The entire human gene is approximately 10 Kb. SDF-1 was initially
characterized as a pre-B cell-stimulating factor and as a highly
efficient chemotactic factor for T cells and monocytes (Bieul et
al. (1996) J. Exp. Med. 184:1101 -1110).
[0006] Biological effects of SDF-1 may be mediated by the chemokine
receptor CXCR4 (also known as fusin or LESTR), which is expressed
on mononuclear leukocytes including hematopoietic stem cells. SDF-1
is thought to be the natural ligand for CXCR4, and CXCR4 is thought
to be the natural receptor for SDF-1 (Nagasawza et al. (1997) Proc.
Natl. Acad. Sci. USA 93:726-732). Genetic elimination of SDF-1 is
associated with parinatal lethality, including abnormalities in
cardiac development, B-cell lymphopoiesis, and bone marrow
myelopoiesis (Nagasawa et al. (1996) Nature 382:635-637).
[0007] SDF-1 is functionally distinct from other chemokines in that
it is reported to have a fundamental role in the trafficking,
export and homing of bone marrow progenitor cells (Aiuti, A., Webb,
I. J., Bleul, C., Springer, T., and Guierrez-Ramos, J. C., (1996)
J. Exp.
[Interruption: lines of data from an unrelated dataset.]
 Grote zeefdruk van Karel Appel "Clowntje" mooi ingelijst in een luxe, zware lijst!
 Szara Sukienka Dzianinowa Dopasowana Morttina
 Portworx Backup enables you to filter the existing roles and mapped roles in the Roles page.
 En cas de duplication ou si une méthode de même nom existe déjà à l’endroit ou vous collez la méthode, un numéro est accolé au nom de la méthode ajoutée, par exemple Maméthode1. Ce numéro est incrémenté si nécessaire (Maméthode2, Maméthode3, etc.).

Med. 185, 111-120 and Nagasawa, T., Hirota, S., Tachibana,
K., Takakura N., Nishikawa, S. -I., Kitamura, Y., Yoshida, N.,
Kikutani, H., and Kishimoto, T., (1996) Nature 382, 635-638). SDF-1
is also structurally distinct in that it has only about 22% amino
acid sequence identity with other CXC chemokines (Bleul, C. C.,
Fuhlbrigge, R. C., Casasnovas, J. M., Aiuti, A., and Springer, T.
A., (1996) J. Exp. Med. 184, 1101-1109). SDF-1 appears to be
produced constitutively by several cell types, and particularly
high levels are found in bone-marrow stromal cells (Shirozu, M.,
Nakano, T., Inazawa, J., Tashiro, K., Tada, H. Shinohara, T., and
Honjo, T., (1995) Genomics, 28, 495-500 and Bleul, C. C.,
Fuhlbrigge, R. C., Casasnovas, J. M., Aiuti, A., and Springer, T.
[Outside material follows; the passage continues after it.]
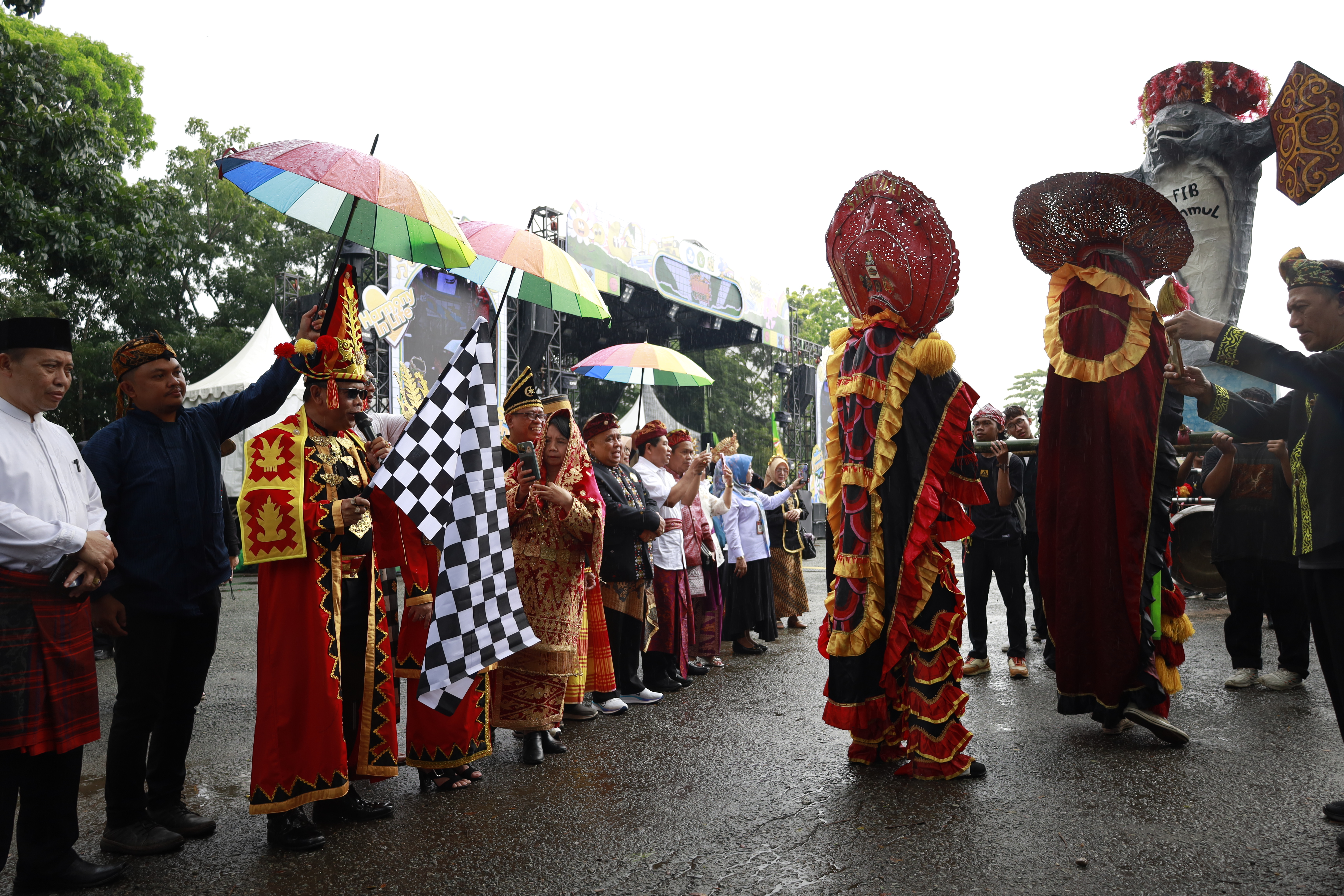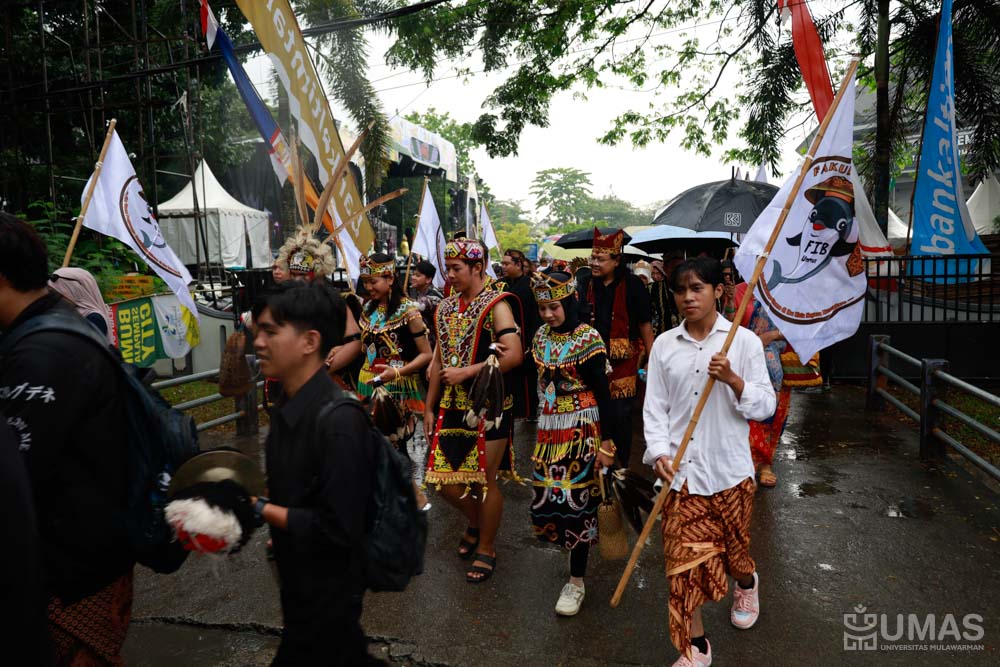 Parade budaya menampilkan berbagai kreativitas peserta yang berjalan sesuai rute yang telah ditentukan panitia. Setiap kontingen juga menyiapkan yel-yel di depan panggung utama yang menjadi objek penilaian dewan juri. Meskipun sempat diguyur hujan, semangat para peserta tidak luntur. Mereka tetap tampil penuh energi, mengekspresikan kekayaan budaya Nusantara dengan kostum, tarian, serta yel-yel khas masing-masing kontingen.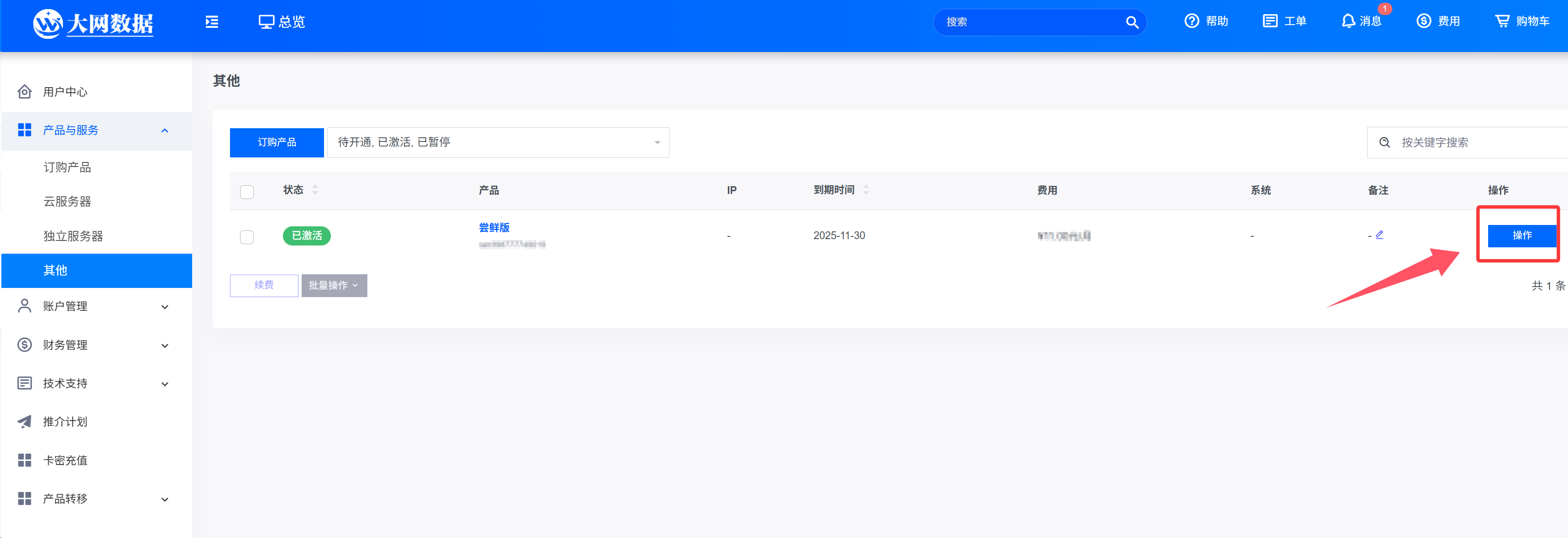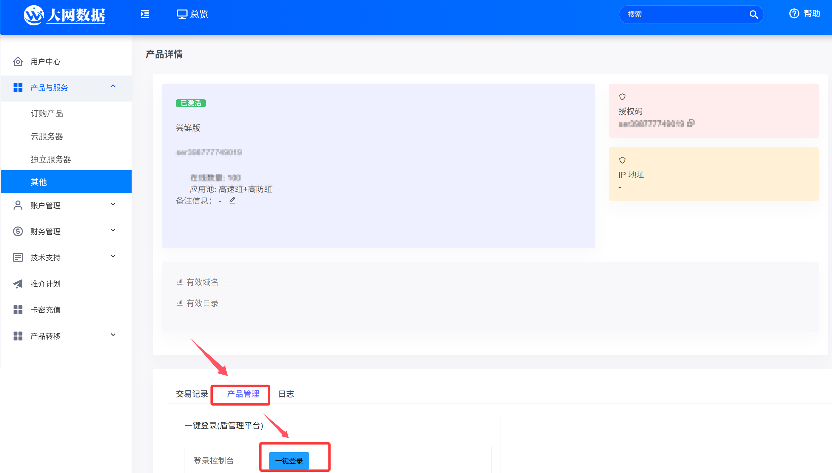 登陆个人中心,找到产品与服务下其他分类,然后找到购买的盾产品,选择产品下面的产品管理,然后一键登陆控制台(来源于互联网资料整理)

A., (1996) J. Exp. Med. 184, 1101-1109). A basic physiological role
for SDF-1 is implied by the high level of conservation of the SDF-1
sequence between species. In vitro, SDF-1 stimulates chemotaxis of
a wide range of cells including monocytes and bone marrow derived
progenitor cells (Aiuti, A., Webb, I. J., Bleul, C., Springer, T.,
and Guierrez-Ramos, J. C., (1996) J. Exp. Med. 185, 111-120 and
Bleul, C. C., Fuhlbrigge, R. C., Casasnovas, J. M., Aiuti, A., and
Springer, T. A., (1996) J. Exp. Med. 184, 1101-1109). SDF-1 also
stimulates a high percentage of resting and activated T-lymphocytes
(Bleul, C. C., Fuhlbrigge, R. C., Casasnovas, J. M., Aiuti, A., and
Springer, T. A., (1996) J. Exp. Med. 184,1101-1109 and Campbell, J.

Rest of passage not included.